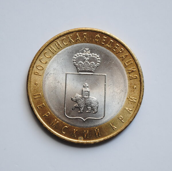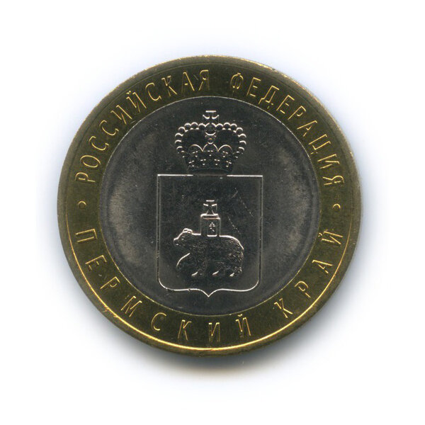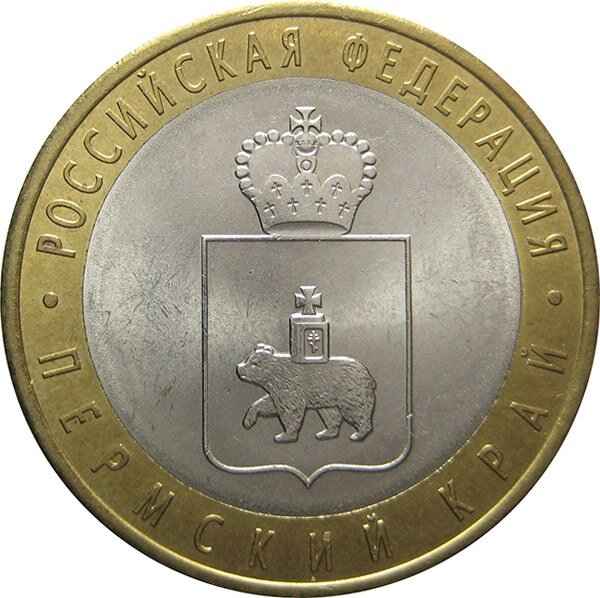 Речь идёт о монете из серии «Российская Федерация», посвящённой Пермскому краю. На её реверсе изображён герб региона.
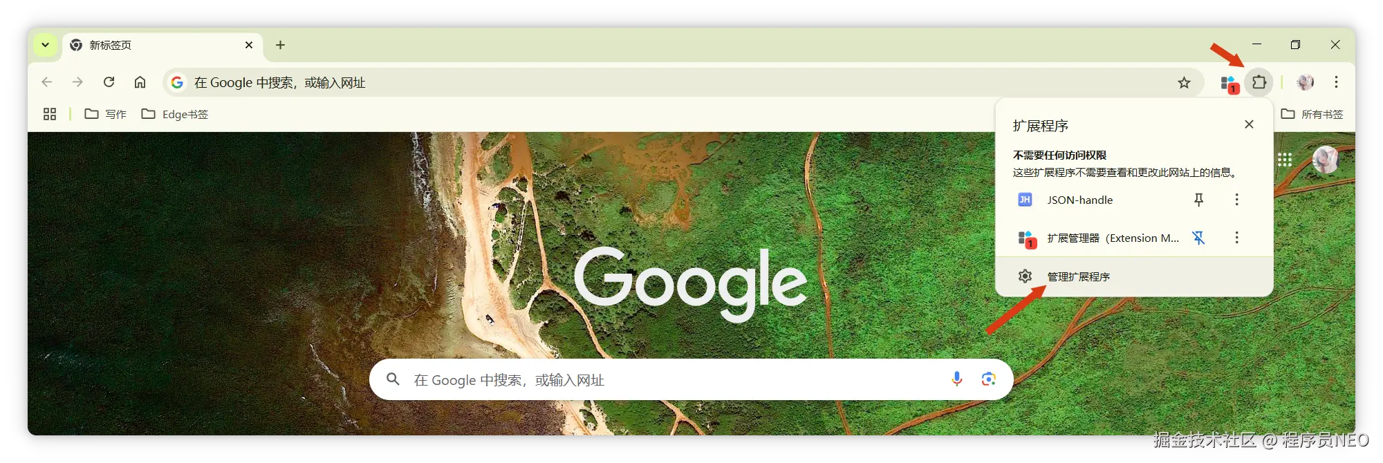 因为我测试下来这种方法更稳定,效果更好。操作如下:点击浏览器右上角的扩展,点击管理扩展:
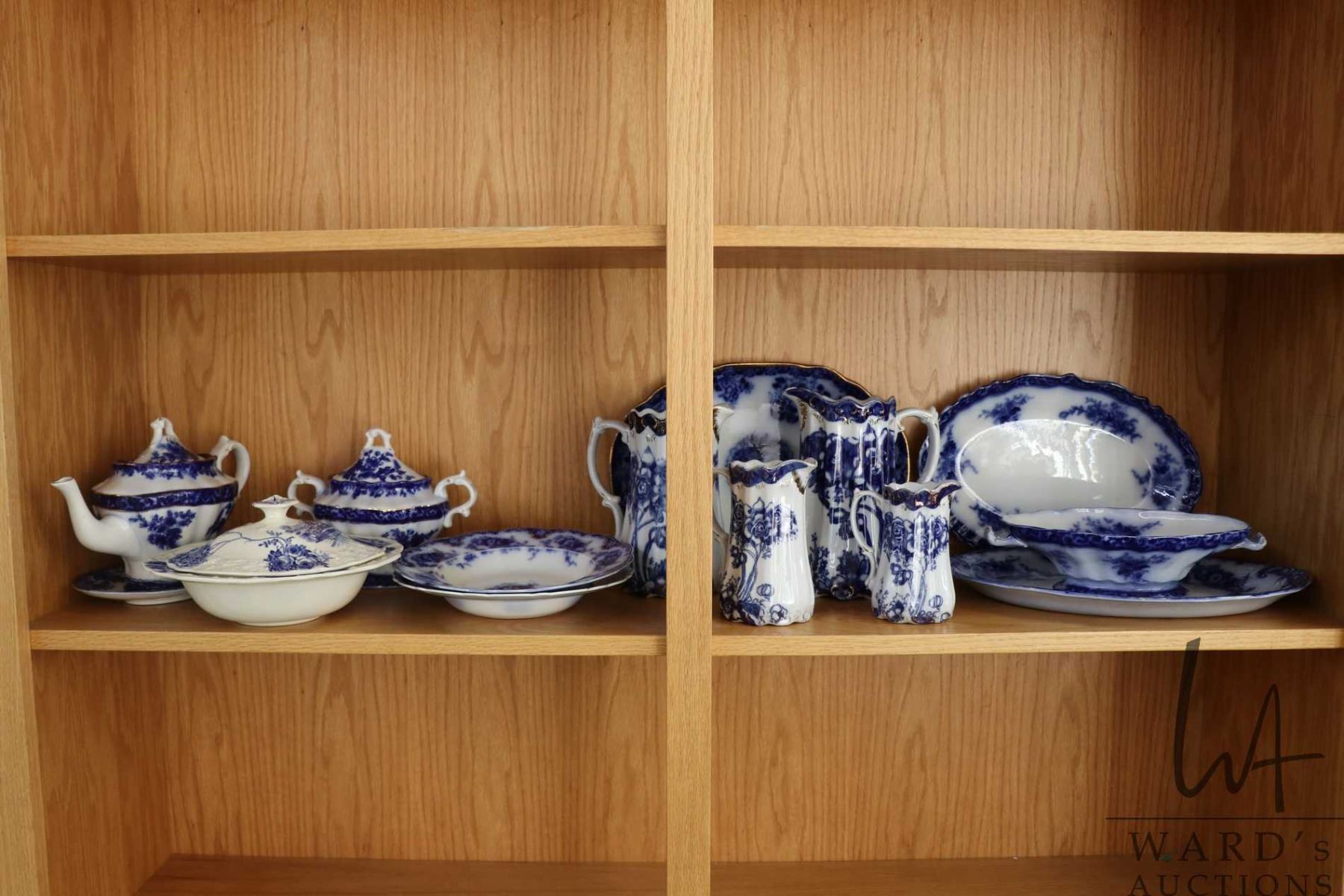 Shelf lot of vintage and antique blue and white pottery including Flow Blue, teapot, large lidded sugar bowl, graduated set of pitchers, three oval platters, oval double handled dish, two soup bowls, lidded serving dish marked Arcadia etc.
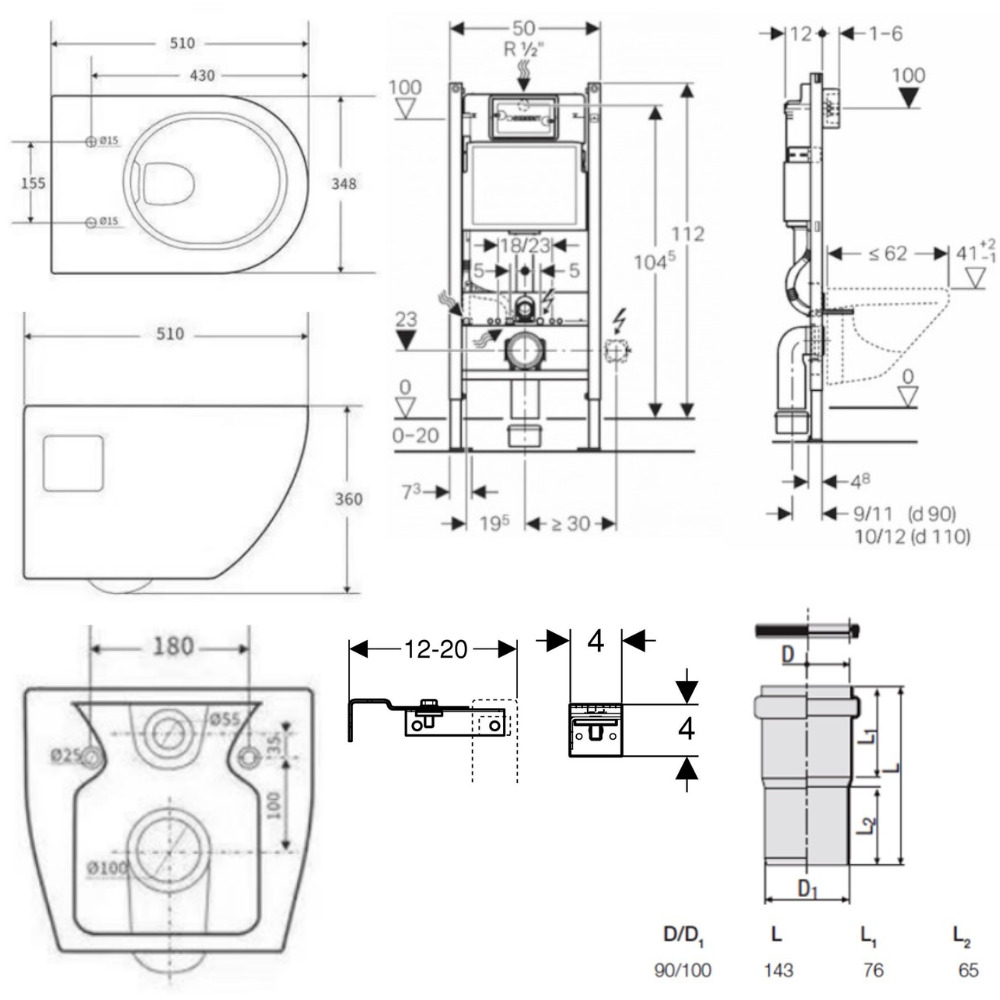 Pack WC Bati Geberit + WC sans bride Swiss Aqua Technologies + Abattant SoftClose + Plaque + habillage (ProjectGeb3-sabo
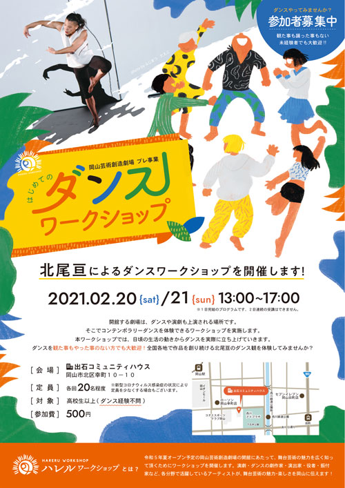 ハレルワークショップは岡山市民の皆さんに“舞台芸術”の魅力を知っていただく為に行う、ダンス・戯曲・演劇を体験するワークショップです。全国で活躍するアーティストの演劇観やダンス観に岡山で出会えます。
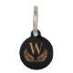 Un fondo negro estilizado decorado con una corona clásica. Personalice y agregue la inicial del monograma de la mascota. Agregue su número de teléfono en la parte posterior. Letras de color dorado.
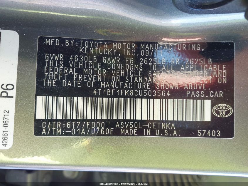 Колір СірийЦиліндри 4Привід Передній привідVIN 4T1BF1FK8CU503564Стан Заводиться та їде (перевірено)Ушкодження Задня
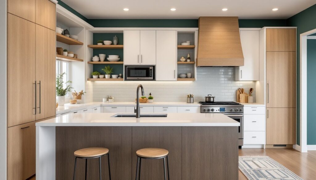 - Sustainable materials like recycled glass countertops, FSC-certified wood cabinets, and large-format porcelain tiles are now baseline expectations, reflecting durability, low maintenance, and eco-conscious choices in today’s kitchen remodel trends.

...

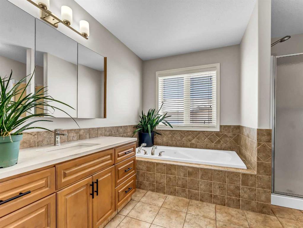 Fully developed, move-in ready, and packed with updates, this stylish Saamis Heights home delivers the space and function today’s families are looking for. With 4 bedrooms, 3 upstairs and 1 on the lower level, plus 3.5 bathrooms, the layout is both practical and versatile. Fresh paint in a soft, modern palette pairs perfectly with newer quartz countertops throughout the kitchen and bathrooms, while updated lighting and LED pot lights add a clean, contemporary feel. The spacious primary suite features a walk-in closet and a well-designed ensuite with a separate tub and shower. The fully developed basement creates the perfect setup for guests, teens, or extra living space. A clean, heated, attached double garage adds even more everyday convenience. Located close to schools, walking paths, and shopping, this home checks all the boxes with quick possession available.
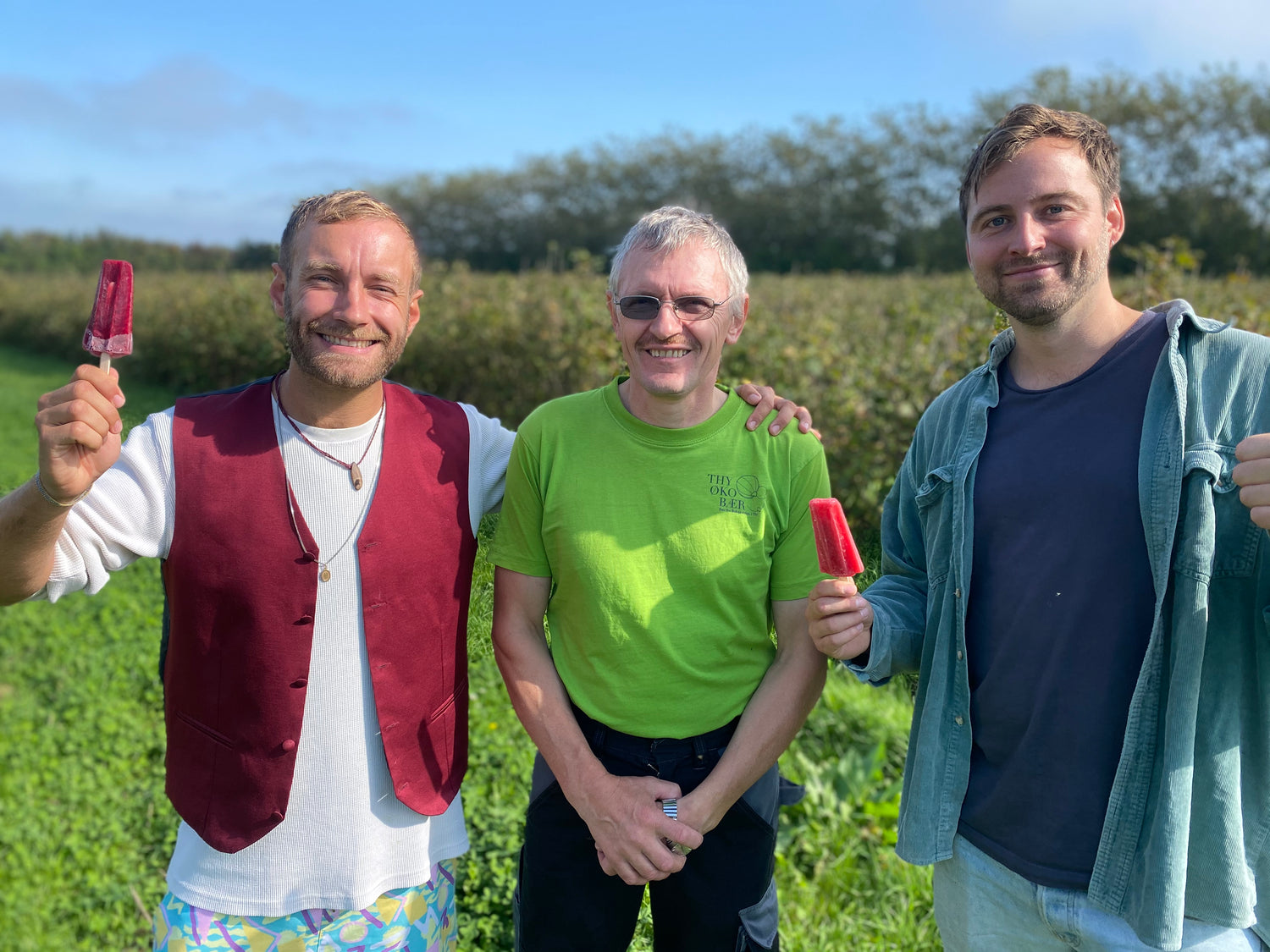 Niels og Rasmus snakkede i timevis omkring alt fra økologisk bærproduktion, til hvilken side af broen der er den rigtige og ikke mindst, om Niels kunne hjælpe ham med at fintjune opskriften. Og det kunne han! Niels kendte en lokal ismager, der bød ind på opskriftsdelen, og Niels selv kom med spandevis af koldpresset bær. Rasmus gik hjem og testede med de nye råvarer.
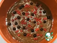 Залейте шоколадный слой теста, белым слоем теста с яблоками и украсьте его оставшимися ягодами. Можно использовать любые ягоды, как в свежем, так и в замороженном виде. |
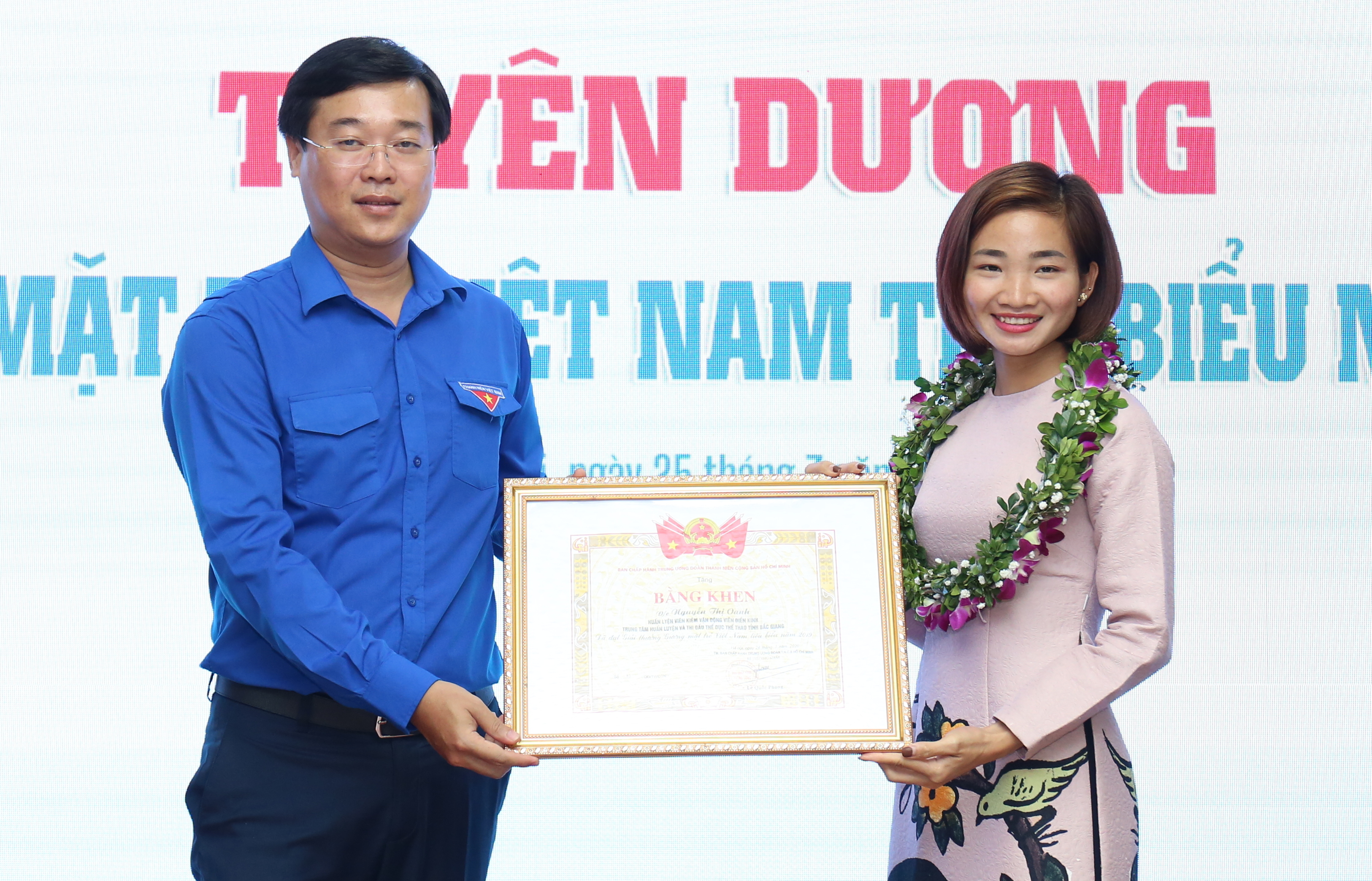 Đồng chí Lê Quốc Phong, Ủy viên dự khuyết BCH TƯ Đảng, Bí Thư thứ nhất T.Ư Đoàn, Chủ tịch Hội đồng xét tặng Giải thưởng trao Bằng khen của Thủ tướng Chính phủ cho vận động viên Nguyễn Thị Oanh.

* * *

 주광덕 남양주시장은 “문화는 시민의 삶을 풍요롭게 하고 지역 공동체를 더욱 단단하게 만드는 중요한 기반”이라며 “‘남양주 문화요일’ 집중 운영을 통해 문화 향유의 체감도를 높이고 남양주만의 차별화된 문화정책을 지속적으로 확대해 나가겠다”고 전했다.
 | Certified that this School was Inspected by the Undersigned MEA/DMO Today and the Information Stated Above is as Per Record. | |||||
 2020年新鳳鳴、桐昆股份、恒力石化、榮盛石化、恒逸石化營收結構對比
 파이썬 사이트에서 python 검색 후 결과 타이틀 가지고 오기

[REQUIRED ACTION] All lines above between those holding "2020年新鳳鳴、桐昆股份、恒力石化、榮盛石化、恒逸石化營收結構對比" and "파이썬 사이트에서 python 검색 후 결과 타이틀 가지고 오기", inclusive, must be set down unchanged, and no other line may be included.

[YOUR RESPONSE]
 2020年新鳳鳴、桐昆股份、恒力石化、榮盛石化、恒逸石化營收結構對比
 파이썬 사이트에서 python 검색 후 결과 타이틀 가지고 오기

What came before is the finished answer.